Tougher times for consumers as sugar prices rally on low imports


A supermarket staff organises sugar on the shelves. FILE PHOTO | NMG

The wholesale cost of sugar for a 50-kilogramme bag has increased by 31.5 percent to Sh9,600 from Sh7,300 last month, signalling an increase in shelf prices for consumers who will continue to pay more for the commodity in the next few weeks.

A spot check by the Business Daily across supermarkets in Nairobi showed that a two-kilogramme packet of Ndhiwa and Mumias sugar brands is now retailing at Sh350 up from Sh290 last month.

Mara Sugar on the other hand is retailing at Sh360 up from Sh280 last month.

Read: Prices of sugar up by 18pc on shortage

Wholesalers say the increase in prices is attributed to a shortage in the market as sugar importers shy away from shipping in the sweetener in the last few weeks.

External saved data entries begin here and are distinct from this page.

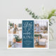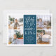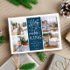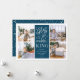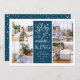 Modern typografi-baserad helgdag-fotokort innehåller fyra av dina favoritfoton i fyrkantigt format, där "Glory to the newborn kung" är centrerat i vit handskriven stil-typografi. Anpassa med din familj namn, namn och/eller ditt anpassningsbar julbudskap. Kort bakåt till en mönster av vit snö och stjärnor på en rik mörk teal blue bakgrund.
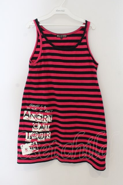 HELL CAT PUNKS / ボーダーロングタンクトップ M ピンクxブラック O-26-01-15-050-PU-TO-YM-OS
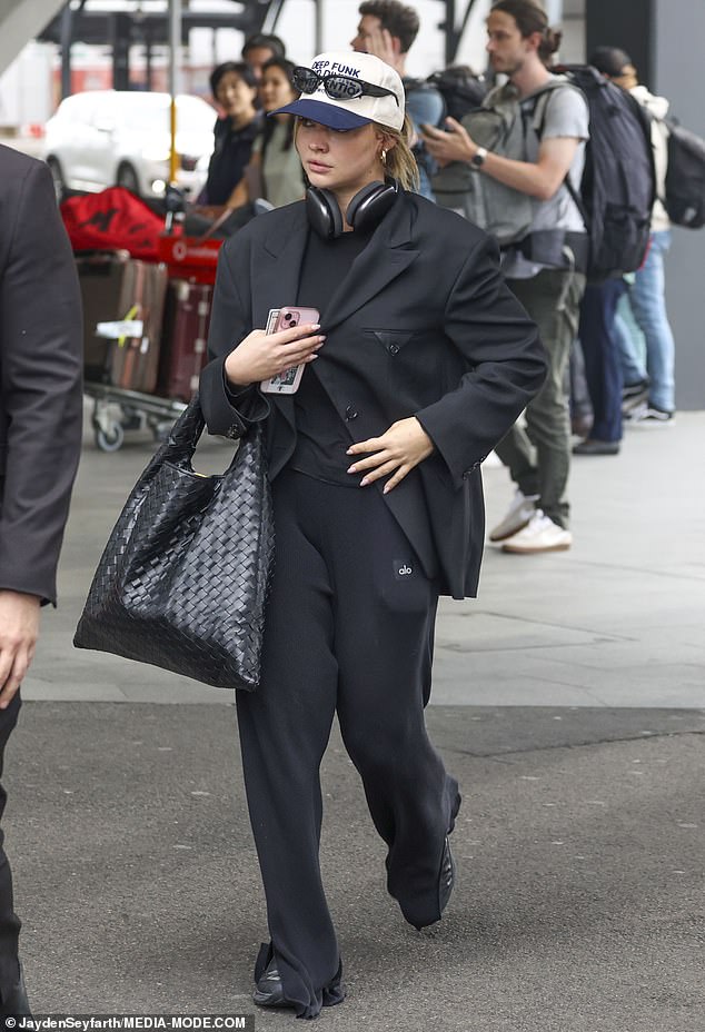 Hollywood’s newest ‘it’ girl, Madelyn Cline, arrived in Sydney ahead of her starring role in the reboot of “I Know What You Did Last Summer”. Despite a whirlwind 72-hour trip to Los Angeles, where she greeted fans and smiled for photographers, Cline looked fresh and radiant upon her arrival in Sydney. She sported an oversized black blazer, wide-legged trousers from Alo, and a simple black top, creating a monochromatic ensemble that exuded confidence. Her blonde locks were tucked under a cream and navy baseball cap, and she carried a woven black tote bag.

“They are afraid duty-free sugar being imported by the government will flood the market with cheap sugar and if they are holding expensive stocks it will be detrimental for them,” said Benedict Gikunda, chief executive at sugar distributor Alesha Brands Limited.

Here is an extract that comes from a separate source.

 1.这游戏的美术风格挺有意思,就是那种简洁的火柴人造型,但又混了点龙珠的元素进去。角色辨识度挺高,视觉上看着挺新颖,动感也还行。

The wholesale price of the commodity had jumped from Sh6,800 in March to Sh7,100 in April for a 50-kg bag, representing an increase of 4.4 percent due to a shortage in the market after a disruption in factory production in western Kenya.

Production has been inhibited by diminishing cane supply on the farms.

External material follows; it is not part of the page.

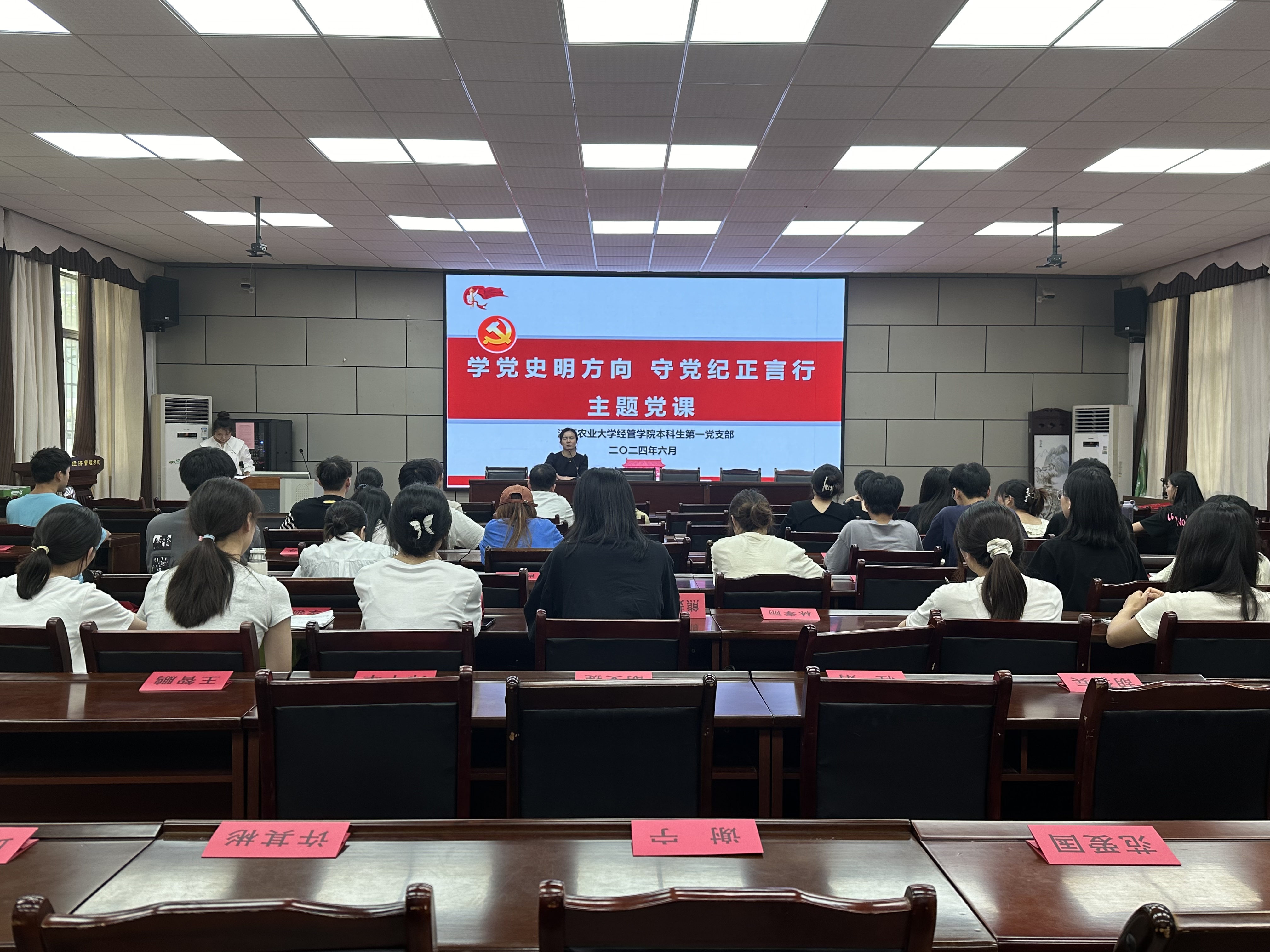 为进一步深化党员对党纪党规的认识,提升党性修养,经济管理学院本科生第一党支部于六月举行了以“学纪正风强党性,担当作为建新功”为主题的党日活动。通过支部书记讲党课、党纪学习教育心得分享、重温入党誓词等形式不断引导支部成员自觉遵守党的纪律规定,以实际行动践行党的宗旨和党的纪律要求。

The shortage of cane has seen millers grapple with the little available, pushing the price of a tonne of the commodity paid to farmers from Sh4,584 to Sh5,250.

The diminishing supply of cane to factories, which has cut down on production activities, saw the total sugar bagged between January and March decline by 26 percent to 49,761 tonnes.

Read: Kenya risks sugar crisis on shortage in global market

The scarcity of sugar in the market saw the government open the window for imports in December 2022, in a plan that was meant to see traders ship in 100,000 tonnes of sugar outside of the Common Market for Eastern and Southern Africa (Comesa) region to curb an imminent shortage in the country.

The government had also allowed Kenya National Trading Corporation (KNTC) to import 200,000 tonnes of sugar duty-free.

This implies that Kenya, would by the end of the year have imported at least 300,000 tonnes of sugar out of the Comesa regional bloc.

The country is allowed to bring in 350,000 tonnes from member states, but the country restricted the imports to 180,000 tonnes last year.

The first two vessels with more than 42,000 tonnes of sugar docked in February in a bid to ease the pain of the decline in production by local millers.